Technical Mistakes — Concrete Consequences

  • Improper torque on engine hardware at the section NCO sign-off stage — approving a work order where the torque stripe is missing or applied without a calibrated wrench.
    A fuel fitting under-torqued and seeping during a power-assurance check grounds the aircraft, reopens the work order, and puts the NCO who signed off in front of the production control warrant explaining why the torque stripe did not match specification. If the fitting backs out in flight, the Safety Center investigation traces the maintenance record to the last closing signature.
  • Skipped AOAP sample at the section NCO scheduling level — missed Army Oil Analysis Program window because the maintenance schedule did not account for it.
    AOAP sampling windows are scheduled events in ULLS-A(E) and the failure to execute them is an ARMS finding. A missed sample removes the early-warning data that would have flagged metallic contamination before a chip-detector event. The chip-detector deadline that follows costs orders of magnitude more than the scheduled oil sample would have. The section NCO whose AOAP schedule has consistent gaps owns that readiness cost.
  • Accepting a junior soldier's chip-detector classification without running the TM 1-2840-248 decision tree to confirm it.
    The section NCO who rubber-stamps a chip-detector call takes on the diagnostic liability as her own. If the classification is wrong — a deadline event called on-condition — the aircraft flies in a degraded condition with the section NCO's name on the last maintenance entry. The production control warrant's review of the chip-detector log surfaces the discrepancy on the next ARMS review.
  • Wrong consumable approved and used on an engine service — wrong oil spec or fuel additive because the section NCO did not verify the shelf item against TM specification.
    A wrong-spec oil service degrades the fuel-control unit and accessory gearbox over months. When the engine fails and the CCAD depot team traces the root cause through oil-sample spectrometry, the DA 2408-13-1 entry carries the service date, the mechanic's name, and the section NCO's counter-signature. Both names are in the Safety Center report.

Career Decisions at This Rank

  • ALC timing — lock the slot at pin-on or let it drift
    ALC is the hard gate for E-6 promotion — an NCOER that shows 'ALC not yet attended' at E-5 is a visible gap at the senior-rater level.
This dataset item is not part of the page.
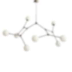 Designen definieras av de rena, sfäriska formerna som kontrasterar vackert mot den slanka, minimalistiska metallstommen. Med inspiration från Art Decos pampiga ljuskronor har Drop Chandelier Bulb förenklat uttrycket och skalat bort det ornamentala till förmån för rena linjer och välbalanserade proportioner. Resultatet är en tidlös men samtidigt modern armatur, där enkelheten förstärker elegansen.

Submit the enrollment packet the month you pin SGT, accept whatever window ATRRS gives you, and do not wait for the PSG to manage it. The NCO who is ALC-complete before the E-6 board opens is in a fundamentally different competitive position.
  • Re-enlistment at the first NCO window — bonus math vs. civilian aviation market
    A 15B with a completed FAA A&P powerplant certificate and 3+ years of T700 JSAMT hours is hireable at MRO contractors and CCAD-adjacent civilian maintenance firms the week he ETSes. The Army re-enlistment bonus for 15B varies by zone and current requirement — pull the HRC SRB MILPER before signing. The honest question is whether the technical depth you have built is better invested finishing the Army production control NCO track to SSG, or whether the civilian option produces better pay and quality-of-life for where the family is. Both answers are defensible. The soldier who re-enlists without running both sets of math is not making a choice — he is deferring one.
  • 150A Warrant Officer path — build the packet at SGT or wait for SSG
    The 150A Aviation Maintenance Technician (Nonrated) Warrant Officer path is the career capstone for technically gifted 15-series NCOs. The packet requires a strong technical record (section-level production control competency, NCOER performance tiles strong, FAA A&P or extensive JSAMT hours), a flight physical, and commander endorsement. If the 151A production control warrant in your shop tells you the packet is ready, believe her and submit it. If she has not said that yet, ask directly what the technical record needs to show. Her answer is the most accurate signal you will get.
  • Drill Sergeant / Recruiter / Special Duty Assignment — is it worth the 3-year detour at SGT?
    SDA tours produce the X4 ASI (Drill Sergeant identifier) that is visible at the E-7 board, a bonus, and accelerated leadership development. The cost is real: a Drill Sergeant tour at an OSUT battalion is 12-16 hour days for three years and the technical currency in the 15B shop degrades unless deliberately maintained. Family quality-of-life during a DS tour is genuinely difficult. The soldiers who thrive in SDA tours care specifically about individual soldier development — not about the ASI for the board. Talk to NCOs who have done the tour before volunteering.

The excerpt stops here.